[Dataset records]
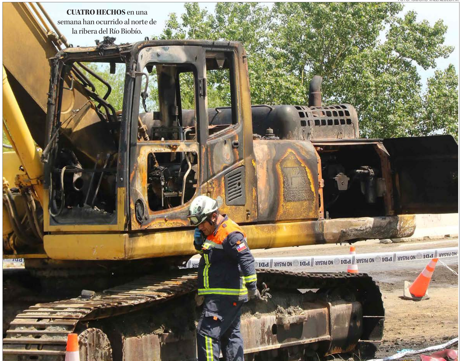
CUATRO HECHOS en una semana han ocurrido al norte de la ribera del Río Biobío.

caciones que mencionan a personas ligadas a la causa mapuche. Y la visión que existe en las autoridades en la zona, es dispar.
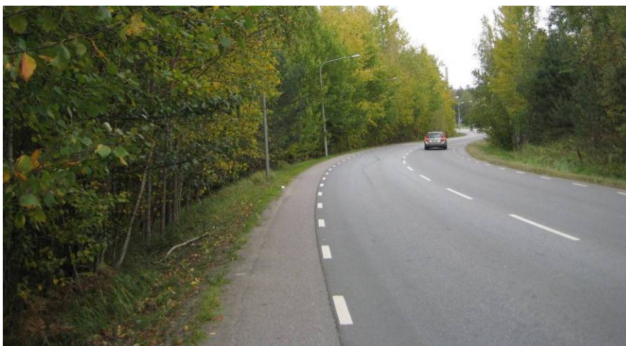
GC-bana kan anläggas längs Ältabergsvägen i stort sett inom befintligt vägområde.

GC-banan ingår i det regionala GC-vägnätet och ansluter till befintlig GC-väg österut mot Hellasgården och Sicklaön i korsningen av Ältavägen/Ältabergsvägen. Det finns ett stort önskemål om att det regionala cykelstråket knyts samman även i väster, där den genaste cykelvägen till centrala Stockholm går. När Ältabergsvägen får separat gång- och cykelbana saknas endast separat cykelbana på sträckan mellan Ältabergsvägen och Flatenbadet, för att cykelstråken i de sydöstra delarna av regionen och stråken i sydöstra Stockholm ska hänga samman.
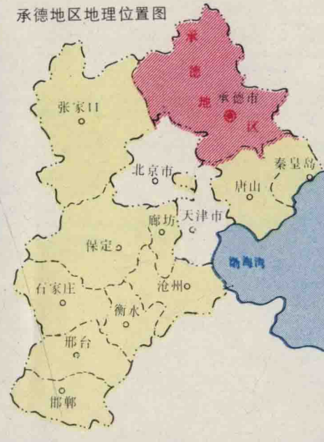
承德地区地理位置图
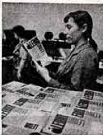
Огромный интерес трудящихся Венгрии к бескомпромиссному идею вождя мирового пролетариата. Издательство политической литературы «Косхут» выпустило в Венгрии сборник статей...
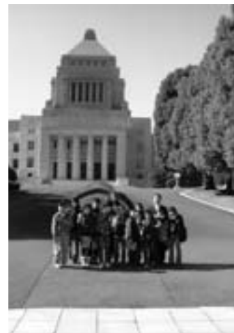
毎年実施されている5年生の国内研修

**TASK DIRECTIONS:**
A verbatim copy is needed of the lines running from the line with "Огромный интерес трудящихся" to the end of the data above, both included. Keep the pictures out of it.

**THE COMPLETED TASK:**
Огромный интерес трудящихся Венгрии к бескомпромиссному идею вождя мирового пролетариата. Издательство политической литературы «Косхут» выпустило в Венгрии сборник статей...
毎年実施されている5年生の国内研修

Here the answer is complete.